**Supplied data**
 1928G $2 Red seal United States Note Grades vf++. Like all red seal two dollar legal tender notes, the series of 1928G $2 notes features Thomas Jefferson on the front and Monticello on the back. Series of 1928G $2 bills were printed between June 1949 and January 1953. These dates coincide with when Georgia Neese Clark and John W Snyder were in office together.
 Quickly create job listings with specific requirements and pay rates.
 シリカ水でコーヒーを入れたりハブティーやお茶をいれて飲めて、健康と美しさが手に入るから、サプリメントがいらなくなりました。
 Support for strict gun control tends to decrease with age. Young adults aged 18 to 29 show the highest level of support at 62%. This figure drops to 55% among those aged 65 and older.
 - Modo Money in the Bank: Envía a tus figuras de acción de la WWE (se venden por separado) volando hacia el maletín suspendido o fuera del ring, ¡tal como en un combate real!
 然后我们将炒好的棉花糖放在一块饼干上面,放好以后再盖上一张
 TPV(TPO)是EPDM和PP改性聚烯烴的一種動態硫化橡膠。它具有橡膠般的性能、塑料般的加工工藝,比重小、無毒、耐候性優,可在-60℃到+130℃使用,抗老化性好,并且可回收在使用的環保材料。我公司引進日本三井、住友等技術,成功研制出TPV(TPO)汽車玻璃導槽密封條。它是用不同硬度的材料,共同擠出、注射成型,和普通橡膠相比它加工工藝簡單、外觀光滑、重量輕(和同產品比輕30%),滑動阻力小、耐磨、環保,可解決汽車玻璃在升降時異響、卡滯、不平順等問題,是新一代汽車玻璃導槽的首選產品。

...

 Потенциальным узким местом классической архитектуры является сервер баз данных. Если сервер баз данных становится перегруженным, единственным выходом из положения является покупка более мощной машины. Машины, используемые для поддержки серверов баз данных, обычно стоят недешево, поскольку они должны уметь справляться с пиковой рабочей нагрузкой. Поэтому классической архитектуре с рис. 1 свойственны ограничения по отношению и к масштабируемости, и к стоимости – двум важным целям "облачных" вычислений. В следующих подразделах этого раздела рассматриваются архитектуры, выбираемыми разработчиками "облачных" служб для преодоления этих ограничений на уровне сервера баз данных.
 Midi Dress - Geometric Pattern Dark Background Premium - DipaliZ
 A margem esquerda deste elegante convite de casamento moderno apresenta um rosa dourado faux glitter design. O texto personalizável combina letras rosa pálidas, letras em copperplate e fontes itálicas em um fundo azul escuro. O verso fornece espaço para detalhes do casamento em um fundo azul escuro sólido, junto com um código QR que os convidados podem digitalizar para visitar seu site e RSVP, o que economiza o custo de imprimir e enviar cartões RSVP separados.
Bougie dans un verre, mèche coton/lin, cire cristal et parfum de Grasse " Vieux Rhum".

==

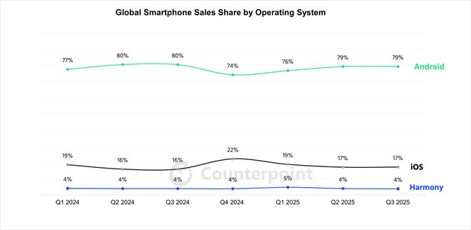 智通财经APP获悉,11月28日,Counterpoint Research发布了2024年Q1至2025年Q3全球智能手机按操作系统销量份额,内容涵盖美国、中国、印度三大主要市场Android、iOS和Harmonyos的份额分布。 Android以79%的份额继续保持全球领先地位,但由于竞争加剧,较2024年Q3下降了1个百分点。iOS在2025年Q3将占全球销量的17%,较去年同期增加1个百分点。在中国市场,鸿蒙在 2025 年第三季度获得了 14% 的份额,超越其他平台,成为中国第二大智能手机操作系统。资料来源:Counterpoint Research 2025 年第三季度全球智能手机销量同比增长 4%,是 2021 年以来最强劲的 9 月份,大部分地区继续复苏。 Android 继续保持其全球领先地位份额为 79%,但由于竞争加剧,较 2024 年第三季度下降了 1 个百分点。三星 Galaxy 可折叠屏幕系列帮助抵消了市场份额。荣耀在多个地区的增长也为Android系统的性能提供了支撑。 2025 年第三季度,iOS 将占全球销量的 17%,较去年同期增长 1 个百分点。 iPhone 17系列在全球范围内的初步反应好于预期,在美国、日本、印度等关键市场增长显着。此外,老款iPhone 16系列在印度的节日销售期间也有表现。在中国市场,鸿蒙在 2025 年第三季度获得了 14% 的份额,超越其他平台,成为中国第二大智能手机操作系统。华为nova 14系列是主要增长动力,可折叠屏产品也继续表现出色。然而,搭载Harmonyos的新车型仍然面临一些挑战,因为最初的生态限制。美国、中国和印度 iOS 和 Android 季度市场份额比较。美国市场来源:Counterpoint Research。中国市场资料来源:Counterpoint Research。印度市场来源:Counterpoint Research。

**What to work on**
Referring to the material above, set down exactly the lines between the line with "- Modo Money" and the line with "然后我们将炒好的棉花糖放在一块饼干上面,放好以后再盖上一张", inclusive, and no other lines.

**Exercise response**
 - Modo Money in the Bank: Envía a tus figuras de acción de la WWE (se venden por separado) volando hacia el maletín suspendido o fuera del ring, ¡tal como en un combate real!
 然后我们将炒好的棉花糖放在一块饼干上面,放好以后再盖上一张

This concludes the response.